Разговоры затихли, цепочка людей потянулась к дверям. Двор уже заполнили рабочие пассажирского депо и паровозной бригады.
На трибуну поднялся студент Бельков. Он служил техником в Городской управе и принадлежал к партии социал-демократов. Бельков сообщил, что вчера рабочая делегация явилась к городскому голове Маллицкому, желая выяснить, что происходит в Петрограде.
- И вот, товарищи, что получилось: Николай Гурьевич Маллицкий позвонил генерал-губернатору Куропаткину, просил принять рабочих делегатов. Получил разрешение и вместе с нами направился в Белый дом. В приемной нас ожидал Куропаткин, внимательно выслушал и говорит:
- Телеграмма действительно получена, но надо проверить факт. Я сделал запрос в военное министерство.
Мы стали возражать:
- Это затягивает дело, пора приступать к организации управления. Куропаткин ответил:
- Советую не торопиться. А то нашумите, пойдете с красным флагом, да так с красной тряпочкой и останетесь.
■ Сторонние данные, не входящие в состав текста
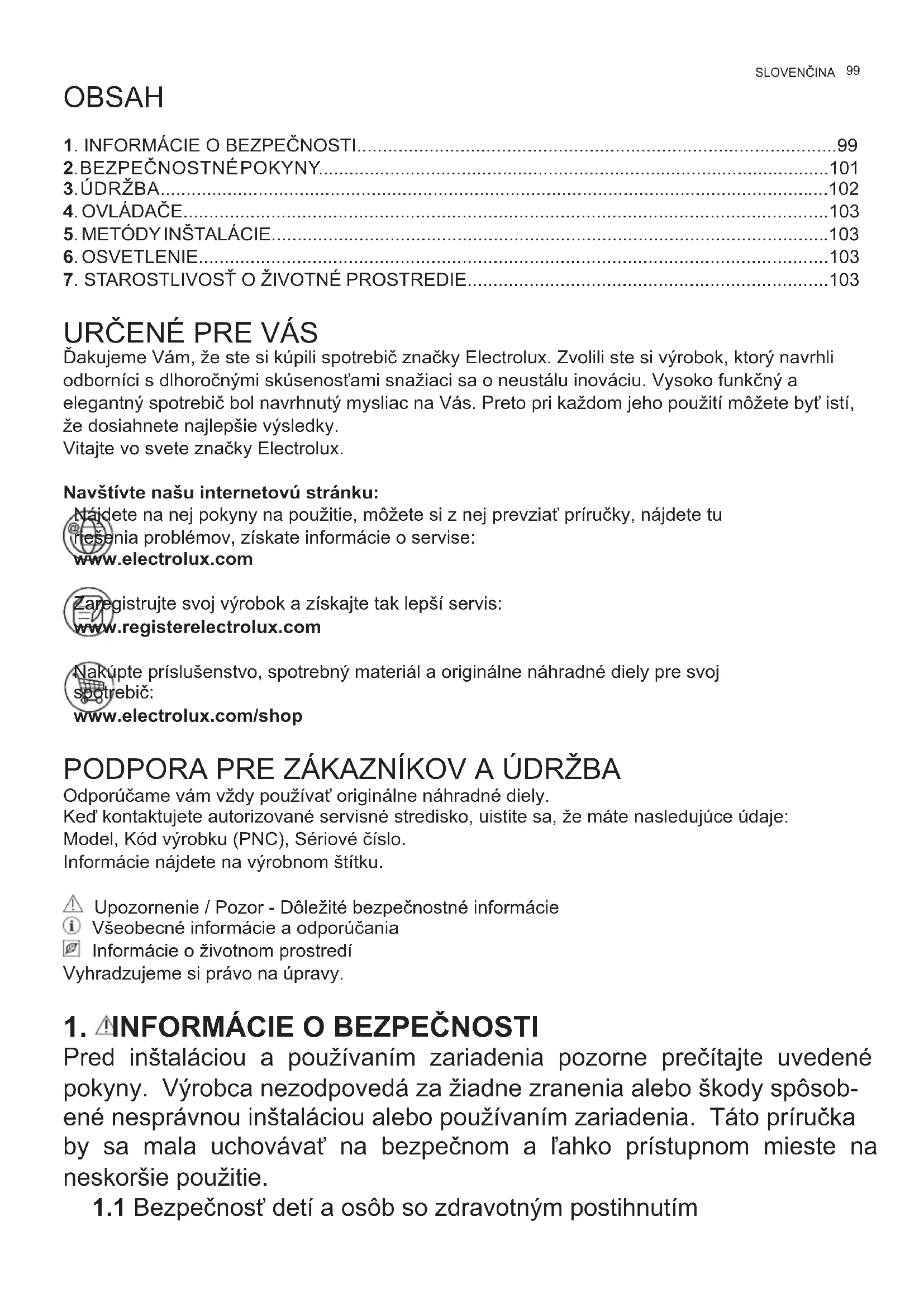 Ďakujeme Vám, že ste si kúpili spotrebič značky Electrolux. Zvolili ste si výrobok, ktorý navrhli odborníci s dlhoročnými skúsenosťami snažiaci sa o neustálu inováciu. Vysoko funkčný a elegantný spotrebič bol navrhnutý mysliac na Vás. Preto pri každom jeho použití môžete byť istí, že dosiahnete najlepšie výsledky. Vitajte vo svete značky Electrolux. Navštívte našu internetovú stránku: Nájdete na nej pokyny na použitie, môžete si z nej prevziať príručky, nájdete tu riešenia problémov, získate informácie o servise: www.electrolux.com Zaregistrujte svoj výrobok a získajte tak lepší servis: www.registerelectrolux.com Nakúpte príslušenstvo, spotrebný materiál a originálne náhradné diely pre svoj spotrebič: www.electrolux.com/shop PODPORA PRE ZÁKAZNÍKOV A ÚDRŽBA Odporúčame vám vždy používať originálne náhradné diely. Keď kontaktujete autorizované servisné stredisko, uistite sa, že máte nasledujúce údaje: Model, Kód výrobku (PNC), Sériové číslo. Informácie nájdete na výrobnom štítku. Upozornenie / Pozor - Dôležité bezpečnostné informácie Všeobecné informácie a odporúčania Informácie o životnom prostredí Vyhradzujeme si právo na úpravy.

Ну что с ним говорить? Плюнули и ушли. А на улицах народу тьма. Все с красными бантами на груди. Всюду митинги, читают размноженную телеграмму. Оказывается, Михаил тоже отрекся, не пожелал царствовать. Власть у Государственной думы. А там Родзянко с Милюковым работают, да Керенский надрывается, речи говорит...
Слушал Авенир, а сердце горело, не вытерпел, взбежал на трибуну.
- Товарищи! Какие могут быть разговоры с царским генералом! Народ должен взять власть в свои руки. Пора организовать Совет рабочих депутатов.
Буря рукоплесканий покрыла его слова. Стали называть фамилии людей, которым доверяли.
- Манжара!
- Ляпина давай'
- Казаровых братьев! Не выдадут рабочий класс!
- Колесникова! Дельный парень!
- Паровозчика Гололобова!
Совет был избран. Ему поручили связаться с городскими организациями и держать рабочих в курсе событий.
Поздно вечером вернулся Авенир домой. Дуся накрыла к ужину, подала кипящий самовар.
- Комитет-то выбрали? - спросила она.
- Выбрали, да что толку, - хмуро ответил Авенир, - Буржуазия засела в городских комитетах. С ней не столкуешься.
- Да держите ухо востро. Обведут они вас, буржуи-то.
- Авенир улыбнулся:
- У нас в Совете ребята крепкие. Не так-то просто обвести.
Дуся покачала головой:
- Учиться, учиться надо, Авенир... У тебя всего один класс коммерческого...
- Научимся. Не боги горшки обжигают, как говорит Древницкий.
К Совету рабочих депутатов, где большинство были большевики, примкнули многие интеллигенты. Одни - искренно, беззаветно преданные идеям Ленина, другие «шатающиеся».
К первым принадлежали конторщик, сын рабочего депо Степан Теодорович и петербургский студент Казимир Голятовский.
Голятовскому железнодорожный Совет рабочих депутатов поручил выступить в зале Городской думы на собрании служащих. Меньшевики, захватив трибуну, ратовали за войну до победного конца, за привлечение в ряды правительства либералов, людей с именем, вроде члена Государственной думы Наливкина.
Присутствовавший здесь Авенир подтолкнул локтем Голятовского, указал глазами на горбатую женщину-оратора.
- Дай жару, Казик! Ну чего эта горбунья всем голову морочит.
Загорелась душа Голятовского, вспомнились горячие студенческие сходки в Петрограде, попросил слова. Взбежал на трибуну и начал речь с героического примера - выступлений рабочих Путиловского завода. Он стыдил меньшевиков:
- Вы, как слепые котята, тычетесь по всем углам и не видите яркого, широкого мира, который открывает перед вами учение Карла Маркса. Больше читайте Ленина!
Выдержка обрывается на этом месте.